= Cramp fasciculation syndrome =

Peripheral nerve disorder

Cramp fasciculation syndrome (CFS) is a rare peripheral nerve hyperexcitability disorder. It is more severe than the related (and common) disorder known as benign fasciculation syndrome; it causes fasciculations, cramps, pain, fatigue, and muscle stiffness similar to those seen in neuromyotonia (another related condition). Patients with CFS, like those with neuromyotonia, may also experience paresthesias.
Most cases of cramp fasciculation syndrome are idiopathic, although some research points to an autoimmune component that may be partly genetic in etiology.
Cramp fasciculation syndrome is diagnosed by clinical examination and electromyography (EMG). Fasciculation is the only abnormality (if any) seen with EMG.
Cramp fasciculation syndrome is a chronic condition.
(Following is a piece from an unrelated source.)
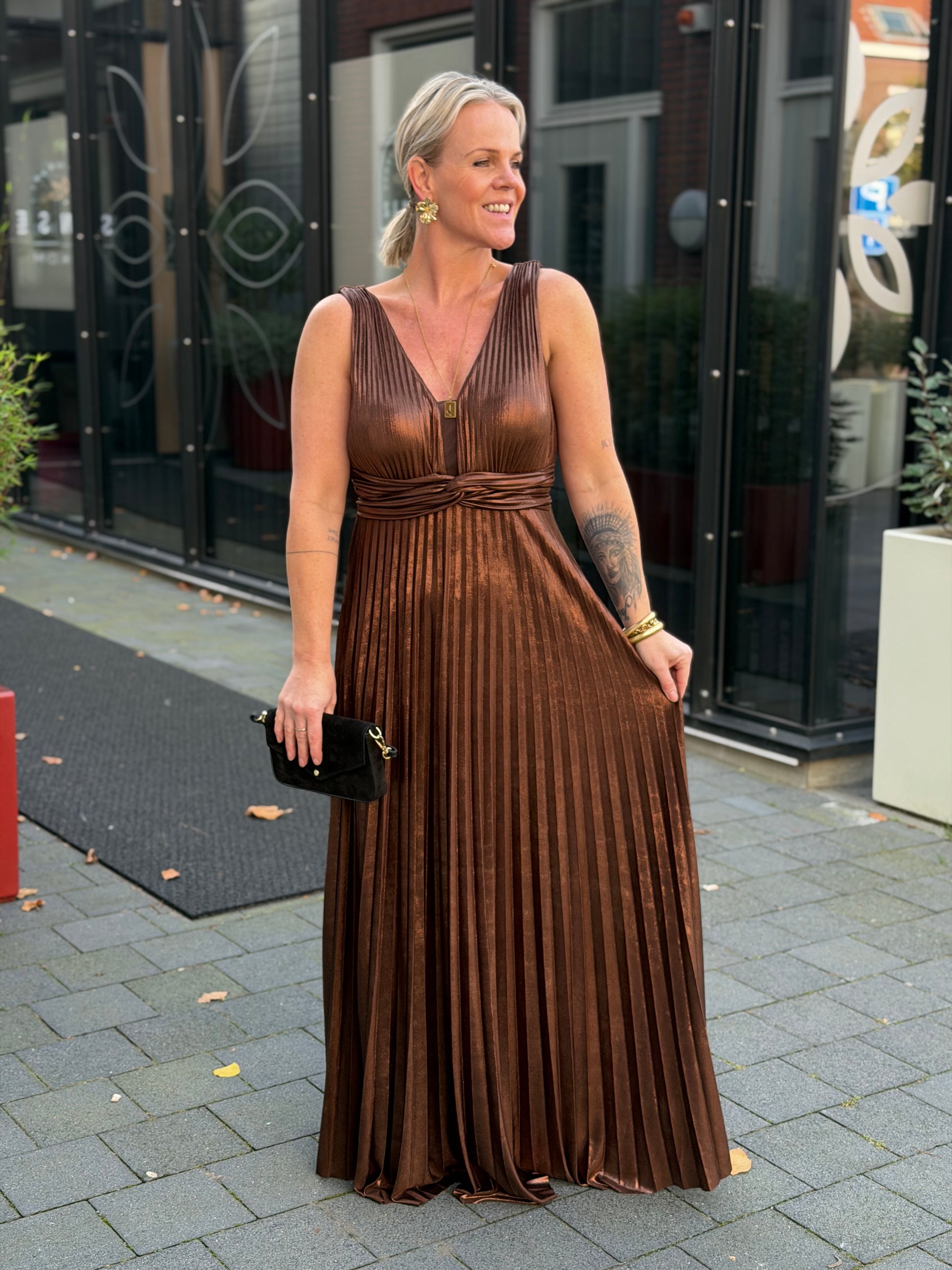 Glam plissé dress bruin
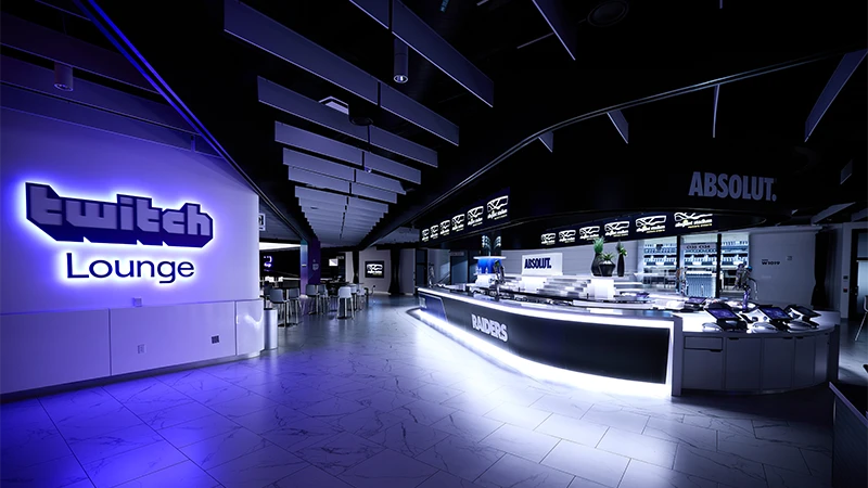 Twitch Lounge offers a dynamic setting with soft seating lounges, specialty bars, and 72 screens for custom branding—perfect for receptions or breakout use with other stadium spaces.

Treatment options include anti-seizure medications such as carbamazepine, immunosuppressive drugs and plasmapheresis.

== Signs and symptoms ==

Symptoms are very similar to those found in benign fasciculation syndrome and include:
- muscle cramping (primary symptom)
- muscle pain
- muscle stiffness
- generalized fatigue
- anxiety
- exercise intolerance
- globus sensations
- paraesthesias.
- hyperreflexia

== Diagnosis ==

The procedure of diagnosis for Cramp Fasciculation Syndrome (CFS) is closely aligned with the diagnosis procedure for benign fasciculation syndrome (BFS). The differentiation between a diagnosis of BFS versus CFS is usually more severe and prominent pain, cramps and stiffness associated with CFS.

== Treatment ==

Treatment is similar to treatment for benign fasciculation syndrome.

Carbamazepine therapy has been found to provide moderate reductions in symptoms.